Ларвеф промолчал. Он повернулся и зашагал. Он шел, словно впереди была даль, бесконечность. Но увы! - ее не было. Впереди граница всего в каких-то двух-трех километрах. А за ней зиял провал, пустота, бездна, бесконечность. Но он шел, шел так, словно хотел перешагнуть через границу. Его не пугали пустота и бездна. Она звала его. Он шел, и мы боялись, что он не вернется. Но он возвращался, каждый раз возвращался и снова уходил.
НА БЕРЕГУ ОЗЕРА БАЙКАЛ
Вот что поведал однажды Ларвеф Веяду, Туафу и комочку вещества, называвшему себя Эроей и тоже умевшему слушать и понимать:
- Есть события, о которых я еще не рассказывал никому. Вы первые узнаете о них, если не считать моих спутников. Но никто из них не остался в живых, и некому подтвердить истинность моих слов. Большой космолет, на котором я возвращался из странствий, как вам известно, погиб, и я достиг Дильнеи на легком летательном аппарате. Этот аппарат сейчас стоит в Музее истории космонавтики и удивляет всех, кто способен чему-нибудь удивляться. Почему я до сих пор молчал? Я надеялся, что события продолжатся.

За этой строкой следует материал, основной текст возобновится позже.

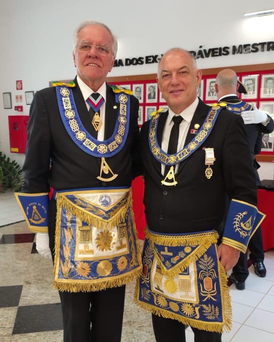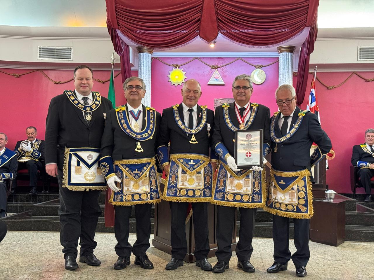 Na ocasião, nosso Sereníssimo Grão-Mestre realizou a entrega de placa comemorativa à nova gestão, na pessoa do Sereníssimo Grão-Mestre Celso Ribeiro, bem como ao Grão-Mestre Fernando Fernandes, que deixa o cargo após longa e relevante atuação, marcada por dedicação, compromisso institucional e expressiva contribuição ao fortalecimento da Ordem.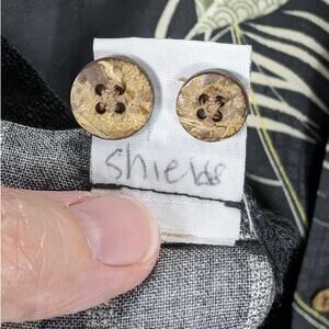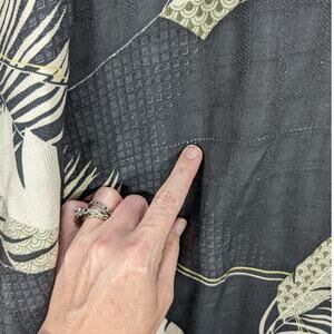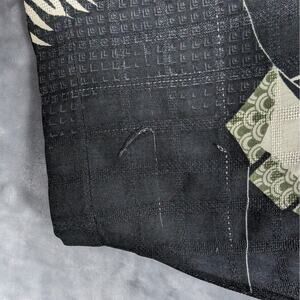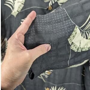 Tommy Bahama, Men's, Hawaiian, Camp, Cuban Style Shirt. Size XL. Made of 100% Silk. It is Black with Tan Leaves. Short Sleeves. There are multiple pulls and some loose threads, photographed. Washed and ready to wear. I don't see any holes or stains. See photos for measurements and details.

Теперь у меня почти нет надежды на продолжение истории, которую я сейчас вам расскажу, и поэтому я буду вынужден ограничиться ее началом. Мне удалось побывать на планете, которую ее жители называют Землей. Космолет не стал приземляться. Он остановился на естественном спутнике этой планеты, который люди называют Луной, откуда легкий аппарат меня одного доставил на Землю. Так было решено после долгих споров и размышлений. Посадка на малоизученной и населенной планете представляет риск, а командир космолета и начальник экспедиции не хотел рисковать. Я был послан на Землю, чтобы заснять и записать с помощью электронной аппаратуры все, что могло представлять интерес для цивилизации Дильнеи. О Земле, несмотря на совершенство нашей оптики, мы знали мало. Мы гадали о высокоразумных существах, населявших эту планету. Кто они? И по анализам оптических данных, и по другим признакам мы решили, что на Земле еще каменный век, а ее жители еще совсем недавно переступили ту черту, которая отделяет мир биологический от мира социального.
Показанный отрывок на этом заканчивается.